Les années 1960 sont caractérisées par une profusion d’idées sur la manière d’entreprendre le développement. Elles insistent toutes sur l’urgence nécessité d’accroitre le Produit national brut (PNB). Il y a sans doute croissance du PNB dans certains pays du Tiers-Monde mais les populations n’ont que rarement profité de ce développement sous la forme d’une amélioration de leur niveau de vie et de leurs conditions sociales. L’enthousiasme qui a suivi l’indépendance fait donc place un peu partout au désenclavement.
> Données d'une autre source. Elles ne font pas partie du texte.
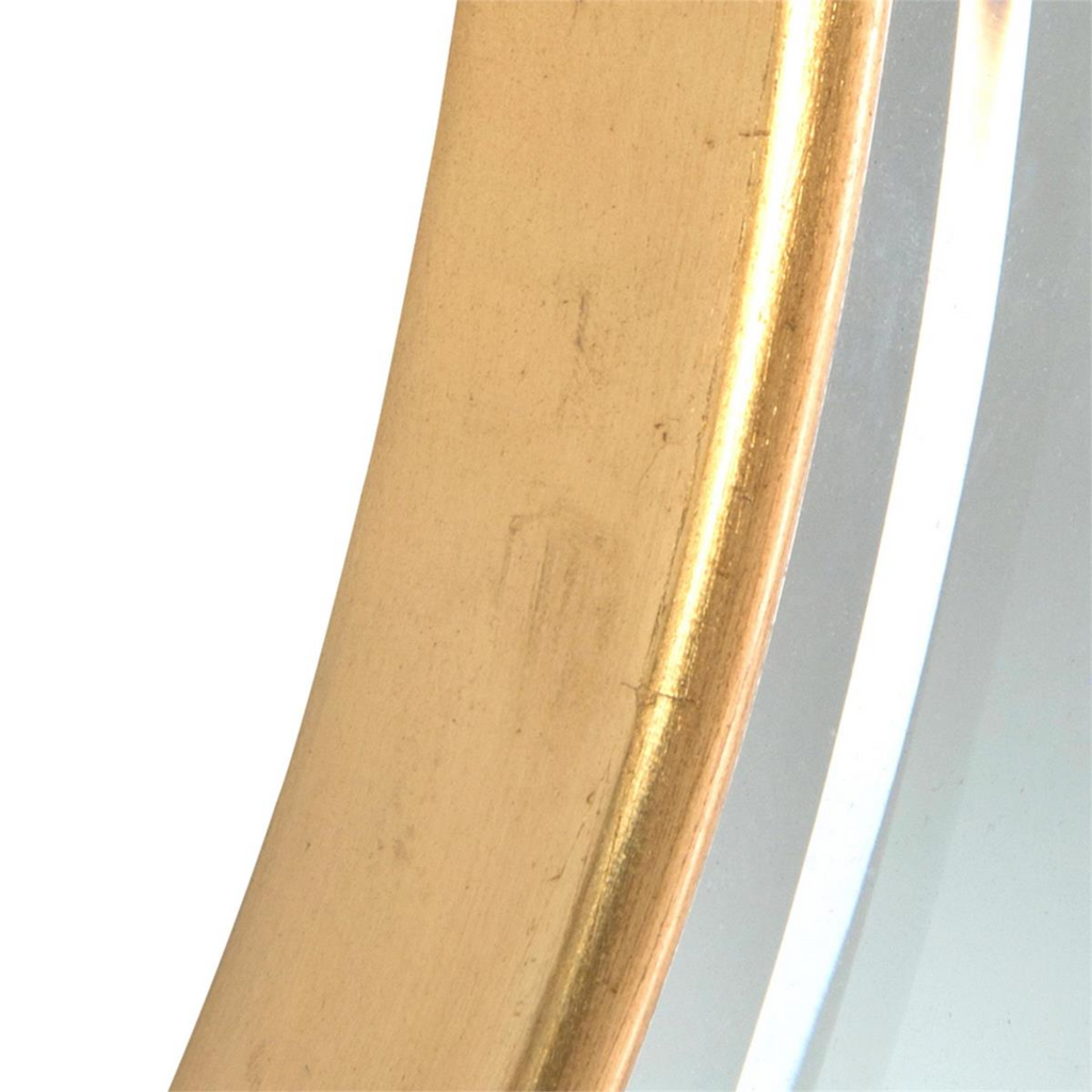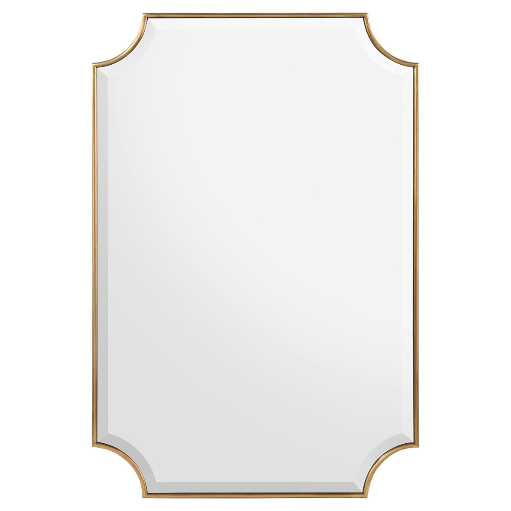 The Priora Mirror is a stunning, modern design that infuses an irresistible sense of elegance to a space. A slender frame with scalloped corners features a Gold Leaf finish and holds a stylish beveled mirror.

Il n’est pas rare d’entendre dans les campagnes de certains pays des paysans vous demander parfois «quand cette indépendance va-t-elle finir» !
Nous assistons dans toutes les réunions internationales à une mise en cause de «la détérioration des termes de l’échange» ou de «l’échange inégal» comme le disent certains économistes. L’écart entre les pays riches et les pays pauvres ne cesse de s’accentuer.
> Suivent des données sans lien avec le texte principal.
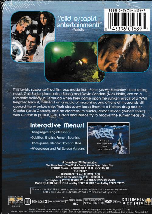 The Deep DVD VIDEO MOVIE sunken treasure suspense action! Nick Nolte 1977 SEALED

Et Jeune Afrique dans son numéro du 30 juin 1973 disait: «Si on ne tient pas compte des chiffres trompeurs des taux de croissance, on constate que pour environ les deux-tiers de l’humanité, la croissance du revenu par tête d’habitant a été de moins d’un dollar par an au cours des vingt dernières années. Et cet accroissement, même tout misérable qu’il soit, a été inégalement distribué, les 40% les plus pauvres de la population restant bloqués au même niveau dans leur lutte pour l’existence, et recevant même parfois moins qu’il y a vingt (20) ans».
Cette stagnation est particulièrement marquée dans une série de pays africains. Les théories sur le développement d’inspiration occidentale ne mettaient l’accent que sur le capital financier et l’utilisation de techniques avancées. Il fallait à tout prix accroitre la production nationale; de sa juste répartition, il n’est pas souvent question.
Au contraire, certains économistes occidentaux soutenaient sérieusement la théorie qu’une répartition inégale des ressources permettrait un développement plus rapide. Pourtant, le développement ne consiste pas seulement à accroitre les biens matériels et les services sociaux, médicaux et autres offerts à une population.